Richard Lamondin challenges Maria Elvira Salazar with ‘town hall’ in CD27

Congressional candidate Richard Lamondin must be feeling pretty good this week. His campaign’s first community town hall was drew a nice crowd Tuesday night at St. James Baptist Church in Coconut Grove. That already puts him ahead of Congresswoman María Elvira Salazar, who hasn’t faced her constituents without a teleprompter or studio lighting in, well, ever.
The Miami-born entrepreneur and first-time candidate, a Democrat running to replace Republican Salazar, actually sat in front of real, live people — no Fox filter, no pre-recorded video, no carefully cropped backdrop of Little Havana cafecitos. Just him, a microphone, and a group of voters who have been waiting five years for their congresswoman to stop hiding behind a camera.
Read related: Democrat candidate Richard Lamondin steps up for absent Maria Elvira Salazar
Lamondin took questions from an audience of about 50 people on everything from housing costs to health care to small business survival, answering directly from the pews where voters packed in. It was the kind of event people in District 27 haven’t seen from their actual congresswoman in her five years of duck-and-cover representation.
“I would not be here if we had proper leadership,” Lamondin told the group. “We are a time right now where we have a congresswoman, Maria Elvira Salazar, who is viewed as elitist, because she is. She does not come into the community.
“She is viewed as out of touch, because she is. She only speaks to us through a camera,” Lamondin continued. “And when I knock on doors she is viewed as scared, because she is. She is scared of looking us in the eye and explaining to us, why some of us do not have healthcare… why, during hurricane season, she is supporting cuts to FEMA and to the flood mitigation that will lower our property insurance.
“She is afraid to look us in the eye and explain, especially to our seniors, why there are cuts to food assistance, housing assistance, the type of lifelines that this community needs… to pay the tax cuts for billionaires who don’t need the money.”
He also mentioned the cruel immigration policies that Salazar has supported with her silence — the ripping apart of families, sending teenagers into ill-prepared detention centers. “This is not the country I want my son to grow up in,” Lamondin said.
Read related: Maria Elvira Salazar’s ‘Dignity Act’ is about zero dignity and all a big act
The candidate told the crowd what they wanted to hear: that he’ll show up, that he’ll listen, and that he won’t disappear when the community needs him. But the biggest applause line wasn’t his. It came when someone pointed out the empty chair that would have been Salazar’s if she ever bothered to come.

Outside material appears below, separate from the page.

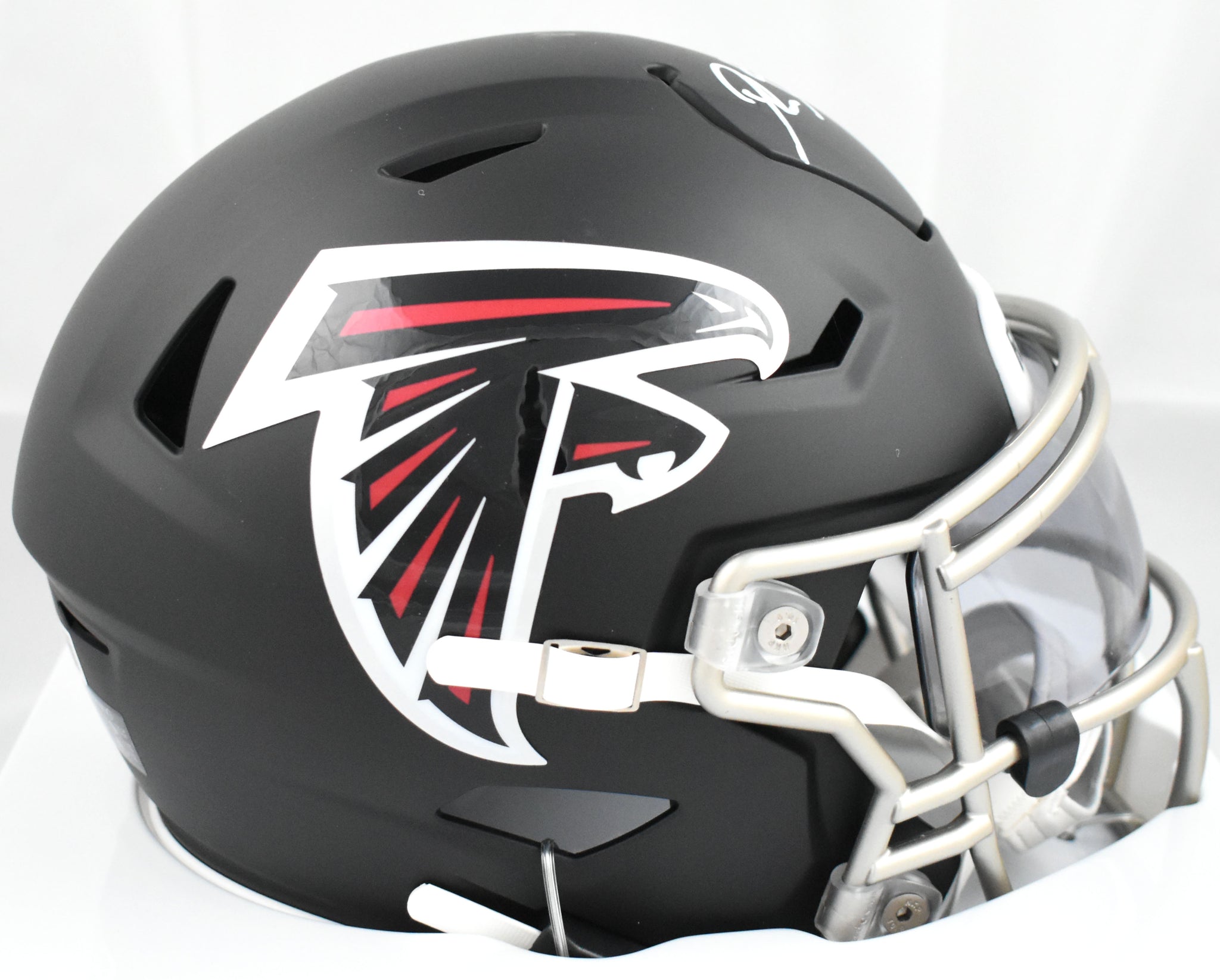This is a Deion Sanders of the Atlanta Falcons autographed Riddell football Mid-Size SpeedFlex helmet. This item has a Beckett Witnessed Authentication, which comes with a numbered hologram and a QR code for verification. You can view this item on the Beckett Authentication website, and it shows when and where the item was signed. It was signed either at a public autograph appearance or a private signing. This is a stock photo of the item. Although you may not receive this exact item, the item you receive is virtually identical, brand new, and in great shape. *Autograph location may vary*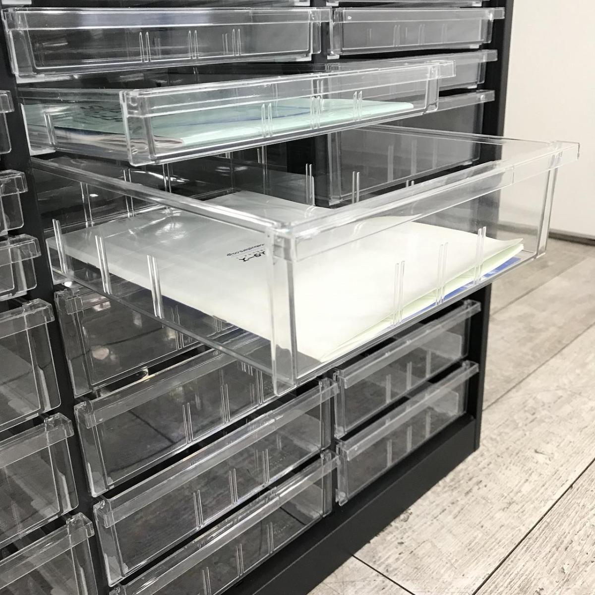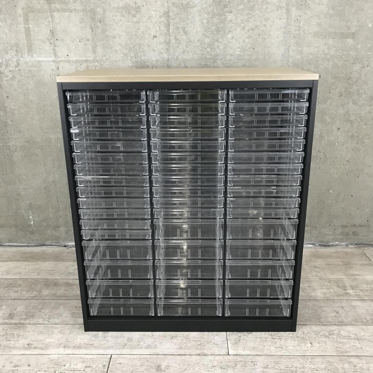 【書類・備品整理の必需品!】【珍しいクリトレが入荷!3列浅型35段+深型14段】■イトーキ(ITOKI) エス(eS)キャビネット クリスタルトレー ■3列(浅型35段+深型14段) ■ブラック/天板:ナチュラル【大容量!】- 足立・葛飾店

In fact, dozens of attendees filled out question cards addressed to their absent congresswoman. Lamondin says he will personally take them to Salazar’s Miami office himself. Ladra can already see the campaign video.
Of course, this isn’t just about the Q&A. It’s about optics. And the optics were clear: Lamondin looked like the candidate who actually wants the job, while Salazar looked like she couldn’t be bothered. He looked like someone running toward the community, while Salazar continues to run away from it. And the optics of a packed Grove church versus a green screen studio are not good for a so-called “voice of the district.”
That could be a problem for the incumbent, especially since the Democratic Congressional Campaign Committee has already put her on their target list. While Salazar enjoys incumbency in a GOP stronghold district that has about 30,000 more Republican voters than Democrats, her constant taking credit for things she didn’t do and the lack of spine on the immigration policy issue in a community full of immigrants, has made her increasingly unpopular within her own base.
Salazar beat former Miami-Dade School Board Member Lucia Baez-Geller last year by more than 20 points. But she won’t have Donald Trump’s coattails in 2026.
The Grove church crowd wasn’t just polite applause, either. They were fired up, laughing at the empty chair where Salazar would have sat if she had the guts. And if Lamondin can keep filling rooms like this, María Elvira may have to start doing more than reading carefully-crafted scripts in her journalist voice and recording dramatic kitchen-table monologues for Twitter.
Because the one thing voters in Miami hate more than corruption is being ignored.